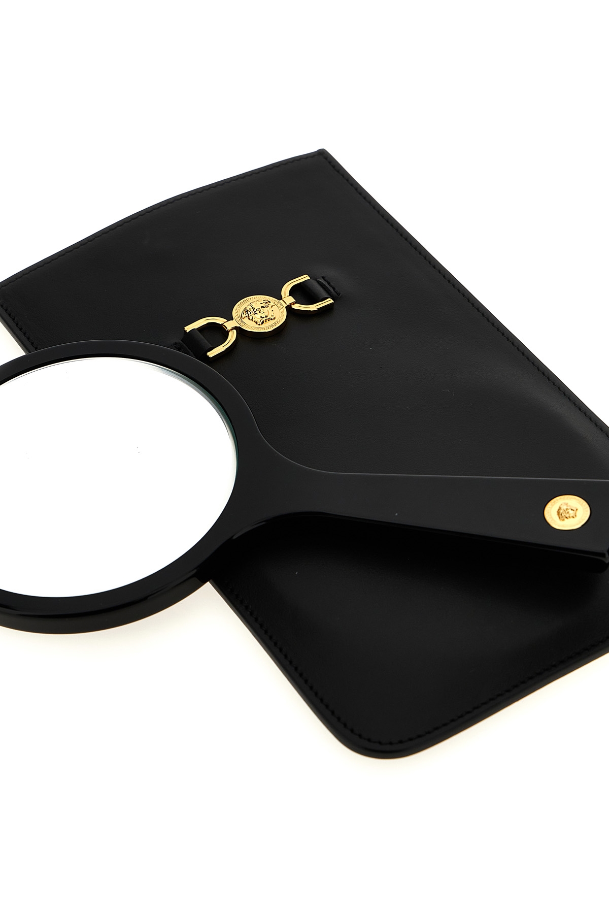 'Medusa' handbag mirror with leather case with metal logo detail.
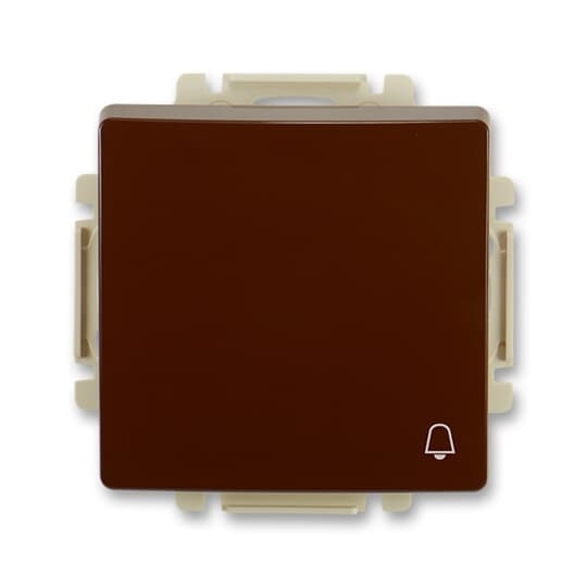 Ovládač tlačítkový zapínací, s krytem, se symbolem zvonku, řaz. 1/0; hnědá   Vhodné pro designy z vypínačových řad ABB : G   Objednací číslo : 3557G-A80343 H1
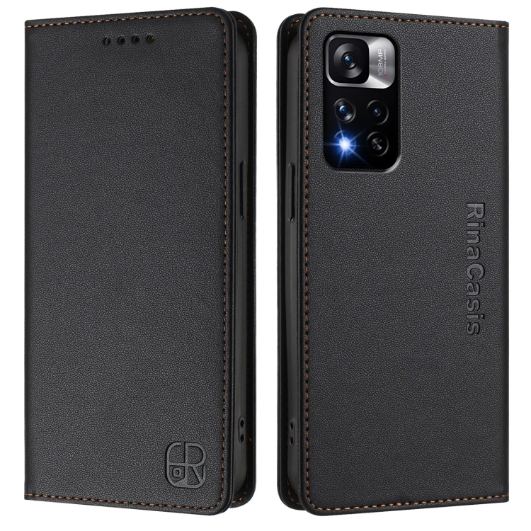 Funda de Cuero con Doble Pliegue y Succión Magnética Rfid para Redmi Note 11 Pro+ 5G, Modelo Europeo Rc01 (Negro)
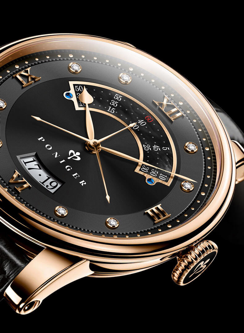 Đồng hồ Thụy Sĩ luôn mang lại cho người dùng một khoái cảm đặc biệt về cả diện mạo lẫn chất lượng. Như chiếc Poniger này, đẳng cấp thể hiện qua dòng chữ "SWISS MADE" được in trên mặt số. Bên cạnh đó còn là:

Exercise description: Give the data again exactly as written, with all pictures left out.

Answer to this problem:
 'Medusa' handbag mirror with leather case with metal logo detail.
 Ovládač tlačítkový zapínací, s krytem, se symbolem zvonku, řaz. 1/0; hnědá   Vhodné pro designy z vypínačových řad ABB : G   Objednací číslo : 3557G-A80343 H1
 Funda de Cuero con Doble Pliegue y Succión Magnética Rfid para Redmi Note 11 Pro+ 5G, Modelo Europeo Rc01 (Negro)
 Đồng hồ Thụy Sĩ luôn mang lại cho người dùng một khoái cảm đặc biệt về cả diện mạo lẫn chất lượng. Như chiếc Poniger này, đẳng cấp thể hiện qua dòng chữ "SWISS MADE" được in trên mặt số. Bên cạnh đó còn là:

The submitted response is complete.